About 76 percent of asylum seekers passed their credible fear interviews in the 2018 fiscal year, according to U.S. Citizenship and Immigration Services data. A much lower percentage, however, are eventually granted asylum by immigration judges.

‘A great example of interdisciplinary work’

Over the past nine months, Northeastern students studying law have worked with their peers studying the arts to develop the booklet. That work began in the fall when Dan Jackson and Jules Rochielle Sievert merged a law seminar they were teaching with a course taught by Sarah Kanouse, an associate professor in the Department of Art + Design.

Jackson and Kanouse say that the partnership forced art students to consider legal principles and compelled law students to consider how to present complex concepts through a creative lens.

“This is a great example of interdisciplinary work,” says Jackson, who is the executive director of the NuLawLab, which designs, tests, and produces new approaches to helping people understand and exercise their legal rights.

Lina Alaoui, who was a master’s student in the College of Arts, Media and Design at the time of the project, says that she wanted to take the course to learn more about what happens to asylum seekers at the U.S. southern border. She says that she also wanted to work on a project with immediate real-world applications.

“I want to make sure that this works,” says Douiri, who graduated in May. “I felt like that made me and others more dedicated and invested.”

Students, faculty, and staff have spent the past few months refining the materials and evaluating how they’ll be used. They tested the materials by holding a series of mock interviews between the law students who will be helping to prepare asylum seekers for their credible fear interviews and a Northeastern theater student, who played the role of asylum seeker.
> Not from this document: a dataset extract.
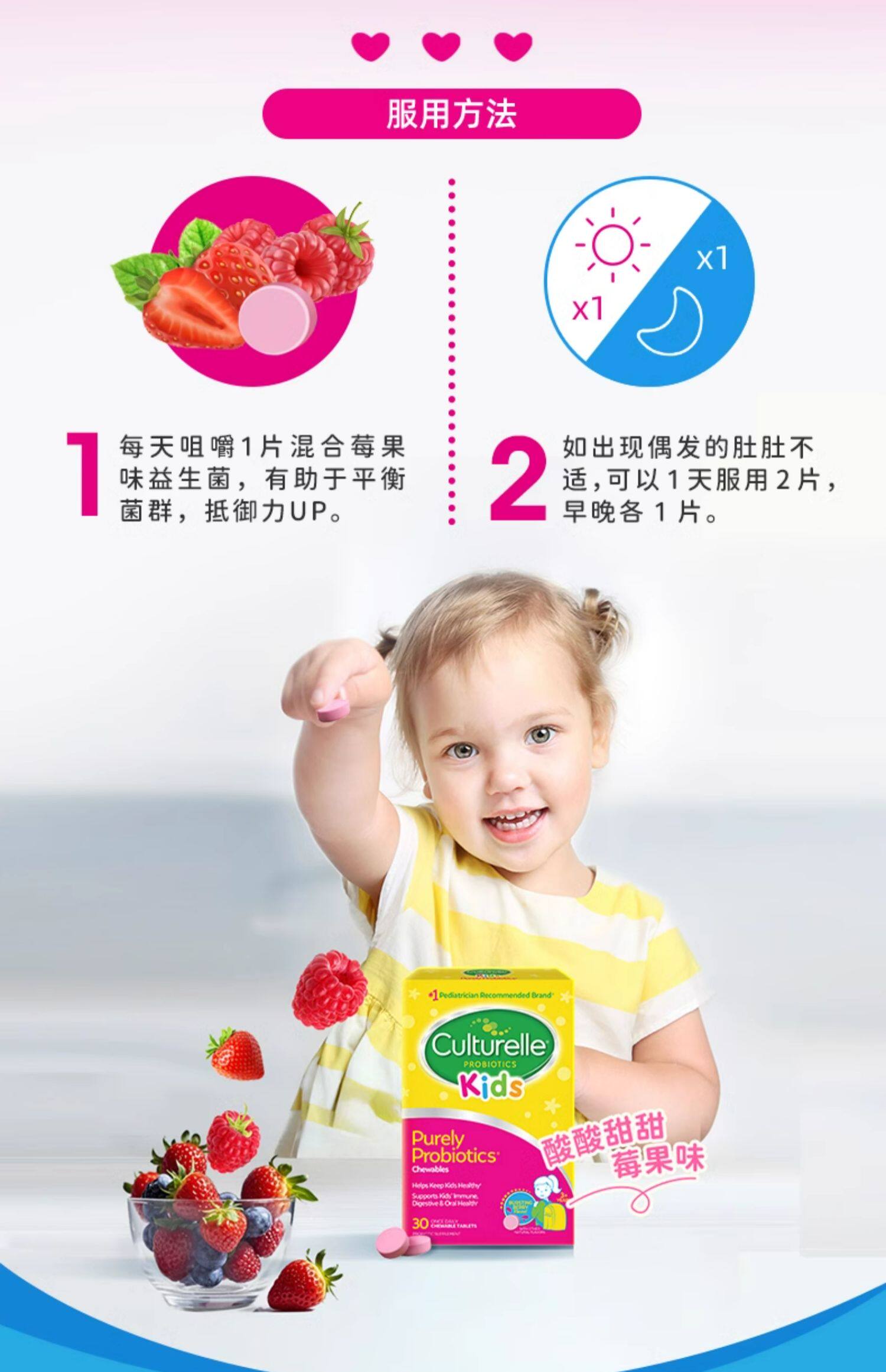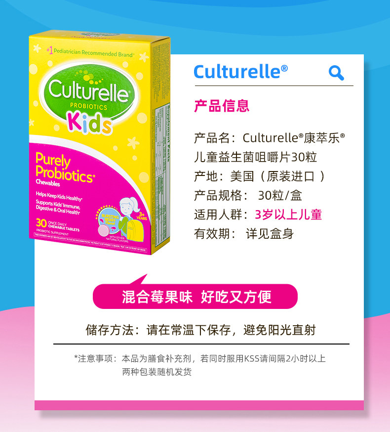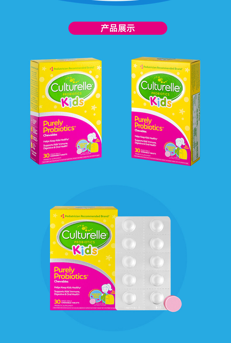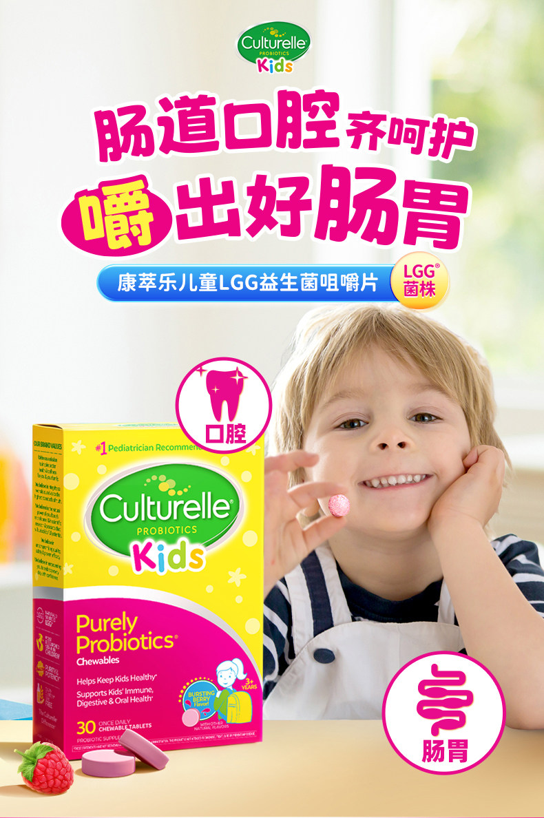 Culturelle Kangcuile Детские пробиотические жевальные таблетки для кондиционирования желудочно -кишечного кишечника и усиления иммунитета LGG 30 таблетки
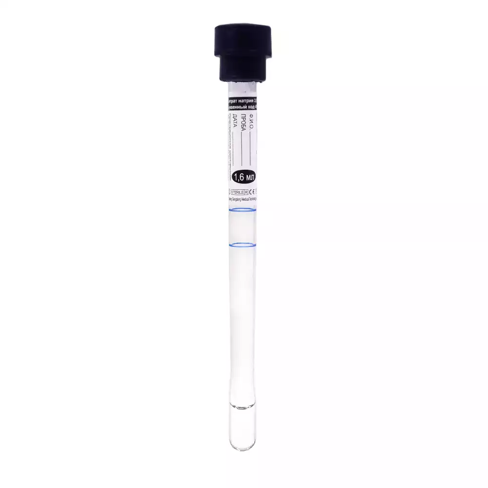 Стеклянная вакуумная пробирка объемом 1,6 миллилитра, стандартным размером 8 на 120 миллиметров, предназначена для определения скорости оседания эритроцитов (СОЭ) методом Вестергрена в ручном режиме. В качестве антикоагулянта используется раствор цитрата натрия с концентрацией 3,8% (0,129 моль/л), что обеспечивает точное и надежное исследование. Цвет пробирки — черный, что соответствует международной системе кодировки для данного типа реагентов.

Jackson says that he wants to provide the manual to other volunteers who will help to prep asylum seekers for their credible fear interviews in the future. Bowman says that she will collect feedback from her fellow law students who are working with the manual in order to further refine the materials in the coming months.

‘You come into people’s lives at this extraordinary moment’
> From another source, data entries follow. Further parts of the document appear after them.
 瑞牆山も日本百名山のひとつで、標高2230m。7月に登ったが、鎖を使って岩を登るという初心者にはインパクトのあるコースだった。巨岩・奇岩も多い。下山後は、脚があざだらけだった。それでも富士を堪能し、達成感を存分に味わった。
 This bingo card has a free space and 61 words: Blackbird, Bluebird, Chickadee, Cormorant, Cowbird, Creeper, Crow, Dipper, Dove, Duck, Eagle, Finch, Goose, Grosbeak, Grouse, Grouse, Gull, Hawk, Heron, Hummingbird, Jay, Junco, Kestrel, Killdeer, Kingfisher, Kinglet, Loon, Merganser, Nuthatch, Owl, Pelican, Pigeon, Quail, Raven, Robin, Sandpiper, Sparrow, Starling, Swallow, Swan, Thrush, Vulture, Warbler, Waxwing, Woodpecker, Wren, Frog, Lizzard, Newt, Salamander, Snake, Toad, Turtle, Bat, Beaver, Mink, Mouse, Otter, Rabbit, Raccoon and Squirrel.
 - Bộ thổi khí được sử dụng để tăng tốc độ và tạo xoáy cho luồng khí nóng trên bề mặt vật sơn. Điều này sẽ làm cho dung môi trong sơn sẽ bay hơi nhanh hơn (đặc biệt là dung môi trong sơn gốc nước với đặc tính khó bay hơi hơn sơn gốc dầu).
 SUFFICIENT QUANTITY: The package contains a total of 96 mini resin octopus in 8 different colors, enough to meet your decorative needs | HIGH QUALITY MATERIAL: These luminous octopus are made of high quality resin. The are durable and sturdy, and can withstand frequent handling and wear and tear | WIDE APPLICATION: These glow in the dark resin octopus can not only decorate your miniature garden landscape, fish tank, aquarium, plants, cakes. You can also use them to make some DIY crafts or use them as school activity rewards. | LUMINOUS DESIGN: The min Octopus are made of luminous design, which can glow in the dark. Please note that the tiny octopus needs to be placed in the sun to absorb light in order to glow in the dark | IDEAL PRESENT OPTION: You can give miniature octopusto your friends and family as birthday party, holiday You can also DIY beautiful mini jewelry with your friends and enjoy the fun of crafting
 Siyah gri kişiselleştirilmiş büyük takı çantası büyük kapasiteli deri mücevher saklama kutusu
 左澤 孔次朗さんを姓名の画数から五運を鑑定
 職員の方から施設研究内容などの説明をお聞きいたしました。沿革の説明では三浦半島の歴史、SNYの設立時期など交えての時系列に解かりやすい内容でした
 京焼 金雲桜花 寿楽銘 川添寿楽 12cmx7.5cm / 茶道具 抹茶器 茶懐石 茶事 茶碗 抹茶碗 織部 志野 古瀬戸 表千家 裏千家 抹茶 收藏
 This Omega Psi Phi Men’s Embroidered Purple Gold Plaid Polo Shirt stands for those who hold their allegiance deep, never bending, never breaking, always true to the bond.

Ilana Greenstein, an adjunct faculty member in the School of Law, who is overseeing the Northeastern law students in Dilley, says that her work with asylum seekers has been among the most rewarding experiences of her professional life.
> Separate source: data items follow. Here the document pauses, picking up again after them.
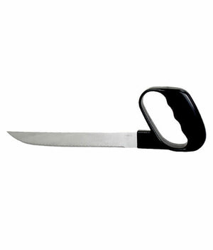 The Reflex Carving Knife is an ergonomic kitchen aid designed to reduce wrist stress and improve control during slicing. Its closed, contoured handle sits at an angle that allows the wrist to remain in a neutral position while cutting, helping to reduce effort and fatigue.
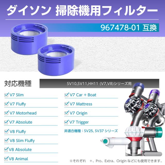 ダイソン フィルター 掃除機 SV10,SV11,HH11 (V7,V8) 【967478-01互換】2個 dyson HEPA 水洗 交換 臭い アレルギー 洗い方 掃除 交換サイン 乾く 乾かない クリーニング 寿命 Slim Origin
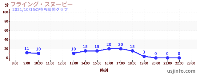 • フライング・スヌーピー$B$N(B2021年10月15日の待ち時間
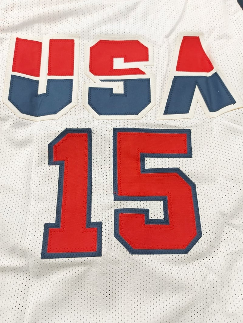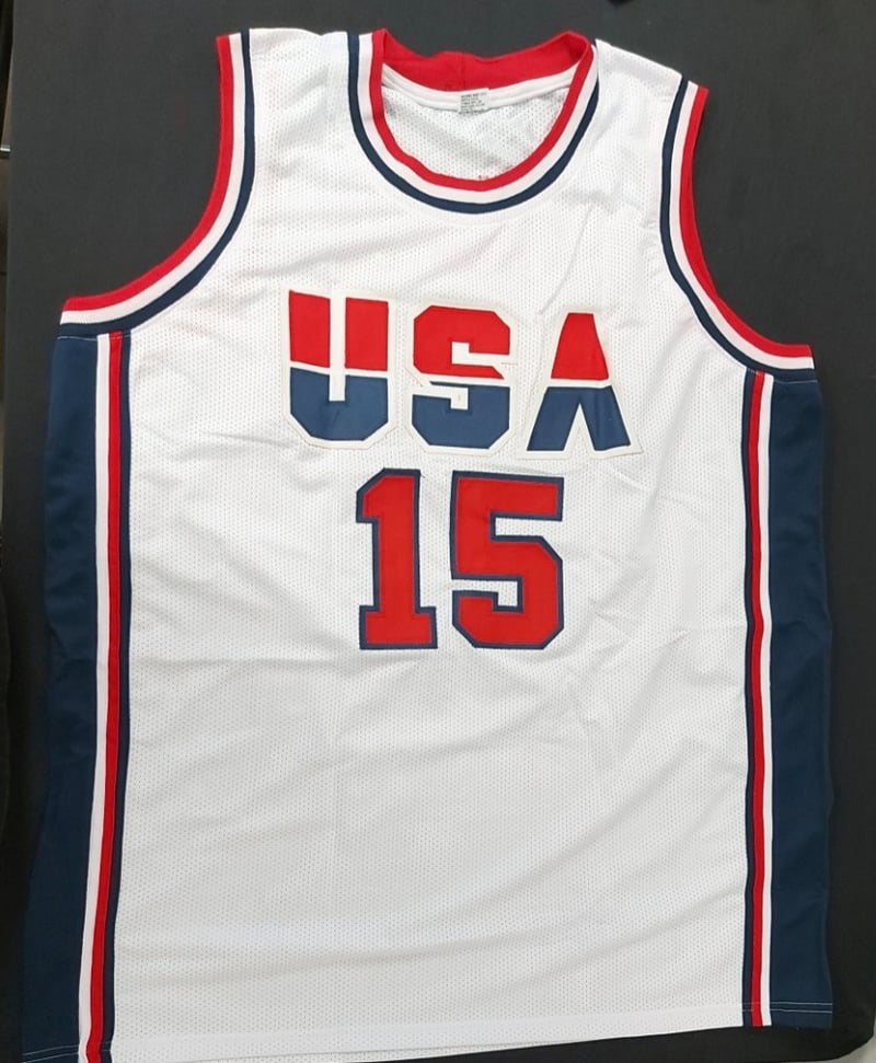 MAGIC JOHNSON USA SIGNED WHITE JERSEY
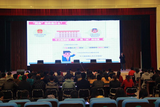 思想政治理论教学部赵俊亚博士以“奔跑吧!2015――图解两会”为题,进行了四个课程的培训。培训既有理论讲解,又有实践分析,既有基础内容,又有实时性很强的两会精神解读,重点突出,内容丰富,覆盖学生干部工作的方方面面,升华了学生干部的政治思想水平。
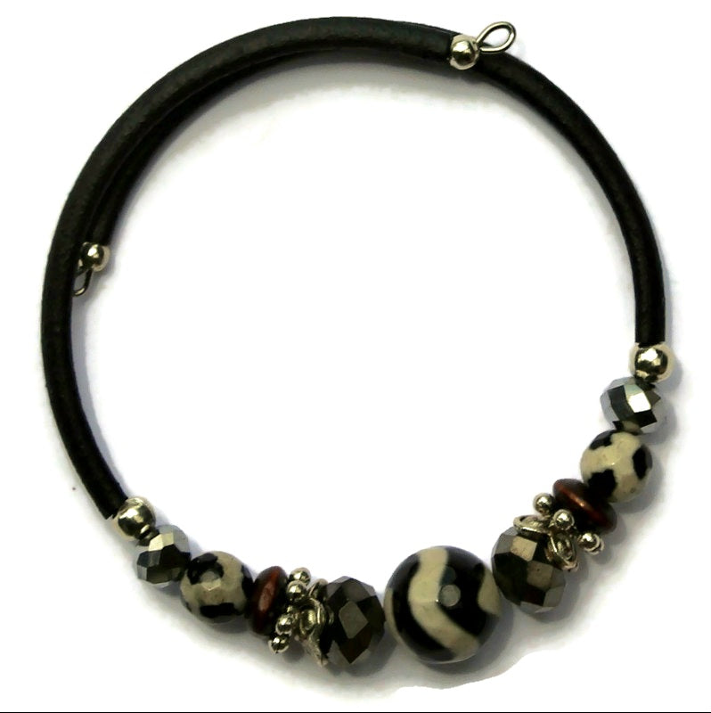Super comfortable silicone covered flexible wire makes these beautiful bracelets a long time best selling item. So easy to put on with not clasp needed - the wire stays in it's circular shape and nicely wraps around your wrist. One size fits most.
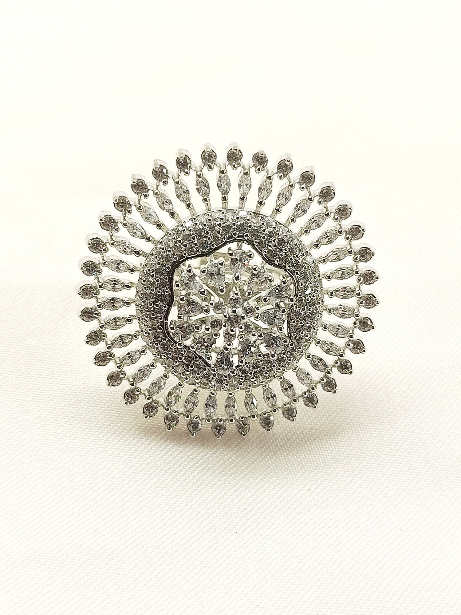 Elevate Your Style With Our White American Diamond Finger Ring. Crafted From Silver Plated Brass, This Adjustable Ring Sparkles With Elegant American Diamonds. Add A Touch Of Sophistication To Any Outfit And Make A Statement With This Luxurious Piece.

The manual contains tips and activities designed to help the students cope with the emotional intensity of working with asylum seekers who share stories of personal trauma and fear. Photo by Matthew Modoono/Northeastern University

This marks her fourth trip—the first of which was in 2015—to help asylum seekers in Dilley prepare for their credible fear interviews.

“You come into people’s lives at this extraordinary moment,” says Greenstein, who has practiced immigration law for the past 20 years and works for the Immigration Justice Campaign, which provides pro-bono legal representation to immigrants in detention. “For students to be able to experience that and do something that is so immediate and intense is really, I hope, going to be great for them.”